Артем тяжело вздохнул и не стал пререкаться. Ближе к ночи голова опять разболелась, и Артем твердо решил сходить к врачу. Головными болями он никогда не страдал, и внезапные приступы мигрени всерьез его обеспокоили. Вот только разберется с делами и обязательно сходит. ТЭЦ в эту ночь ревела особенно сильно.

∗ ∗ ∗

Последующие дни потекли вяло и не запомнились абсолютно ничем. Пестрящий цифрами рабочий компьютер, перекусы в столовой, сиденье на скамейке в обшарпанном сквере. Редкие солнечные деньки перемежались с тягучей дождливой порой, возвещающей приход октября. Артем разрывался между рутиной и оформлением наследства, которое тянулось мучительно долго, цепляясь за всевозможные бюрократические крючки. Приводил в порядок квартиру. Правда разбирать комнату бабушки рука так и не поднялась, зато он выкинул явный хлам, а кое-что даже продал. Жизнь завертелась своим чередом, оттесняя на задний план и боль утраты и Юшку и ямы в лесу, становясь такой, какой и должна быть – спокойной, немного скучной. Даже голова почти не болела, оттого и к врачу идти не пришлось. Такой исход Артема вполне устраивал.

Беспокоили только ночи, в которые Артем подолгу не мог уснуть – ТЭЦ стала реветь уже в темноте. Он пробовал куда-то звонить, даже писал жалобы, но потом просто махнул рукой. Оставалось обкладывать подушками голову и только далеко за полночь забываться тревожным сном.

Борис, как и всегда, ворвался внезапно и не поздоровавшись, когда Артем тыкнул зеленый кружок на дисплее жужжащего телефона.

– Слыхал про попа?

– Какого еще попа?

– А я не знаю, как его звать, но ты его видел. Он вроде на похоронах был… – Боря понизил голос.

– Отец Дмитрий? А что с ним?

– Да в этом городе все вдруг головой поехать решили. Приходи завтра, поглядим. Офигеешь. – Боря назвал адрес, который показался смутно знакомым. Вроде бы дачный поселок – идти совсем близко.

– Опять тащишь меня по слякоти и говну. Ты бы хоть намекнул, что там?

– Да не, тут лучше самому. Завтра увидишь.

Разговор закончился, но выдержав небольшую паузу, Артем все же добавил:

– Слушай, Борь, а ты слышишь, как ТЭЦ ночью гудит?

Борис помолчал. Затем ответил, и Артему показалось, что в его голосе проскальзывали нервные нотки.
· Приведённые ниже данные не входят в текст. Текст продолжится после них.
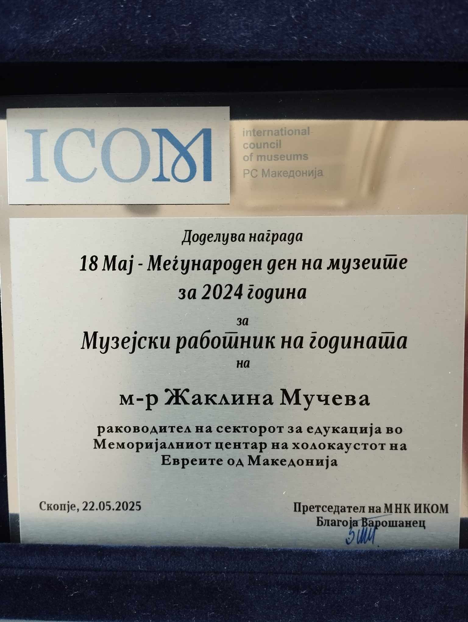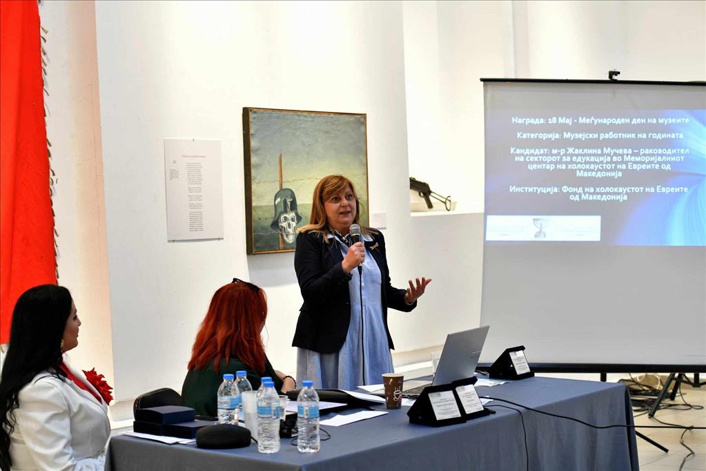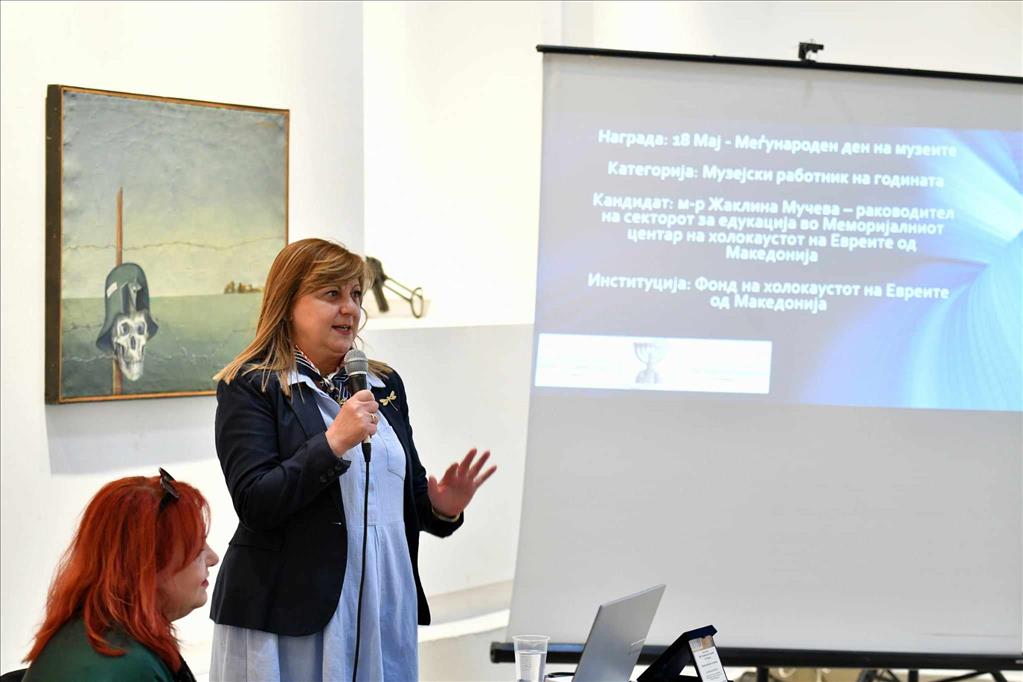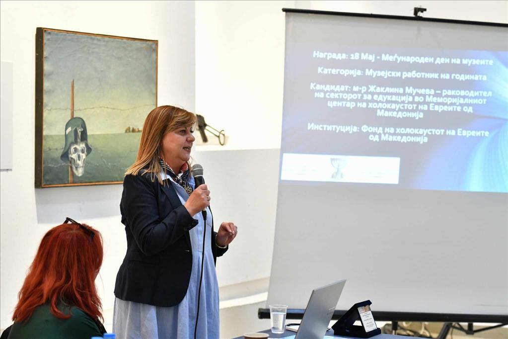 Наградата - Музејски работник на годината ја доби м-р Жаклина Мучева, раководител на секторот за едукација во Меморијалниот центар на холокаустот на Евреите од Македонија;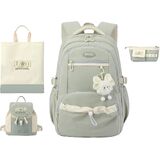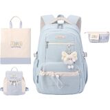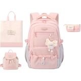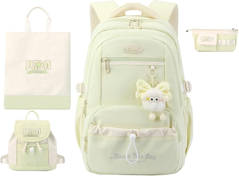 Multifunctional:4Pcs Sets,the Backpack for daily use,the tote bag for library books, PE gear, art supplies, or quick errands. The mini backpack for after‑school activities or weekend outings.Fits phone, wallet, keys, snacks, and other essentials.The zipper pouch for pens and stationery,chargers, or coins;kept inside the backpack for quick access.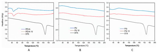 Differential scanning calorimetry (DSC) thermograms of (A) DTX, blank PEVA (PEVA) and 10% w/w DTX-loaded PEVA film (PEVA10), (B) DTX, blank PU (PU) and 10% w/w DTX-loaded PU film (PU10), and (C) DTX, blank Psi (PSi) and 10% w/w DTX-loaded PSi film (PSi10).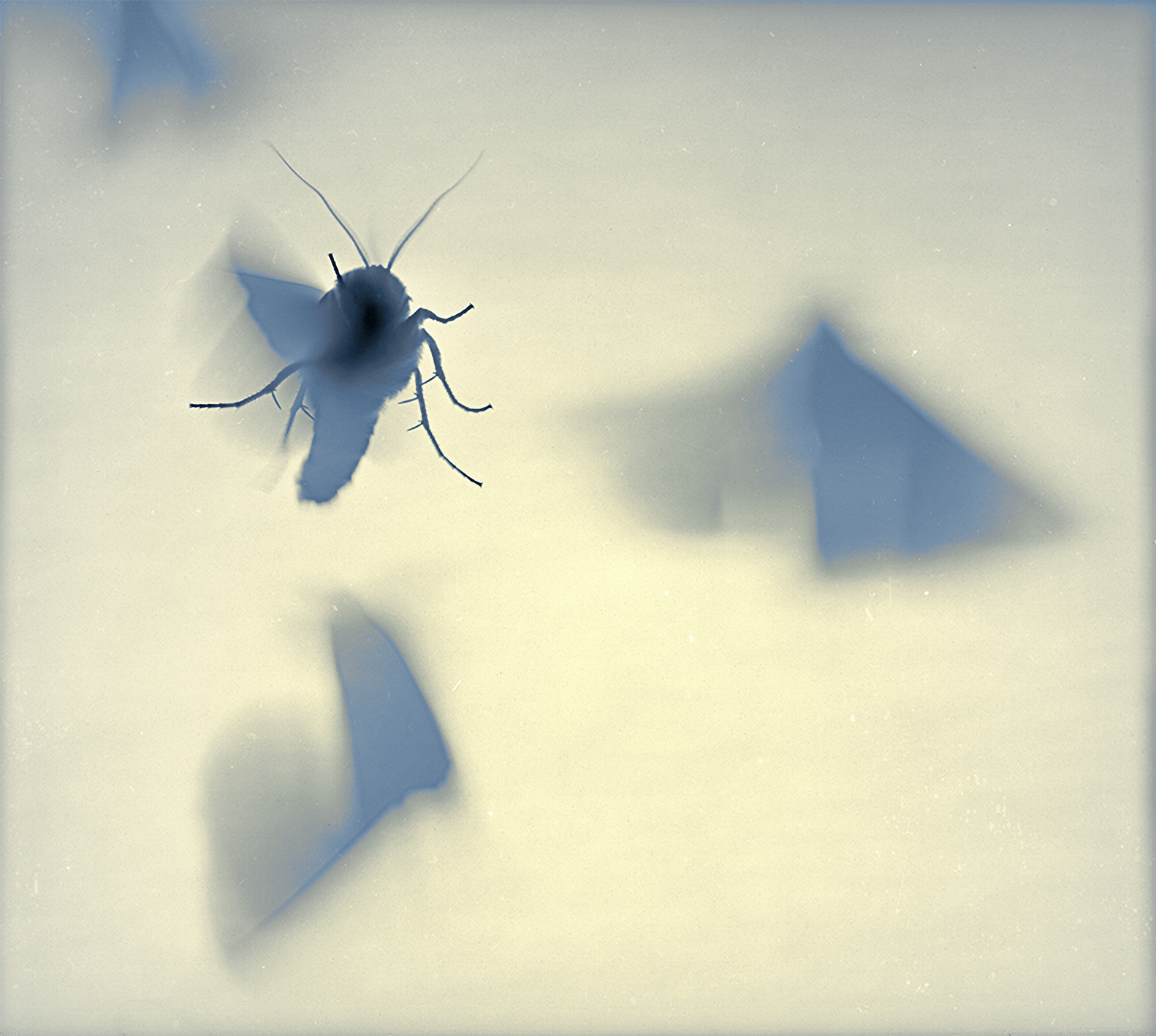 Nankin has since 2011 recorded the moths’ arrival in the Alps using camera-less photography with electronic flash to make photograms of them in flight and in social clusters, later digitally rendering the images as positives in which the legs of the lepidoptera clinging to the emulsion in-situ appear sharp and their beating wings blur. Their fragility, and their thinning ranks, are made poignantly evident.

– Ну, может и шумит иногда. Она всегда шумит, сколько лет уже. А чего такое? Чего спрашиваешь?

– Да нет… это я просто.

Боря хотел сказать что-то еще, но Артем положил трубку.

До места и правда, оказалось недалеко. Стык крохотной улицы в пару панелек, и разбитой грунтовки, уходившей в чадящий трубами частный сектор. Дачный поселок был там же, только чуть дальше. Улица была почти что пуста, только у перекрестка встретился забулдыга, избивающий авоськой фонарный столб. Артем осторожно его обошел. Дым из барачных труб щекотал ноздри.

Боря не приходил, а телефон друга отвечал длинными гудками. Артем нетерпеливо топтался на месте, наблюдая за алкашом, чья набитая сумка наконец лопнула, рассыпав содержимое по земле. Некоторое время тот глупо таращился на получившийся натюрморт, а после стал поднимать с земли пузатые картофелины, и столб подвергся уже массированной бомбардировке. А ведь и правда, не город, а большая психушка, сплошные юродивые – подумал про себя Артем. Он начинал зябнуть на осеннем ветру и уже подумал, что Боря решил над ним пошутить, когда осмотрелся получше и увидел «это». Низенькие домишки не загораживали взор, и разглядеть можно было отсюда. Не теряя времени и не став ждать товарища, Артем углубился в застройку.

Артем не был хорошо знаком с отцом Дмитрием и даже не знал, где тот живет. Теперь понял, что видимо здесь. Небольшой участок с курятником и огородом, да частный домик – бывший барак. Только не покосившийся и сгнивший, как большинство вокруг, а вполне ухоженный, с переделанной крышей и обшитый панелями. Вокруг деревянный заборчик, поблескивающий свежей краской. Под ним – аккуратные кусты малины. На стенке уличной беседки висела икона. Перед ней суетилась женщина в платке – наверно жена или родственница. Но вот это, собственно, что?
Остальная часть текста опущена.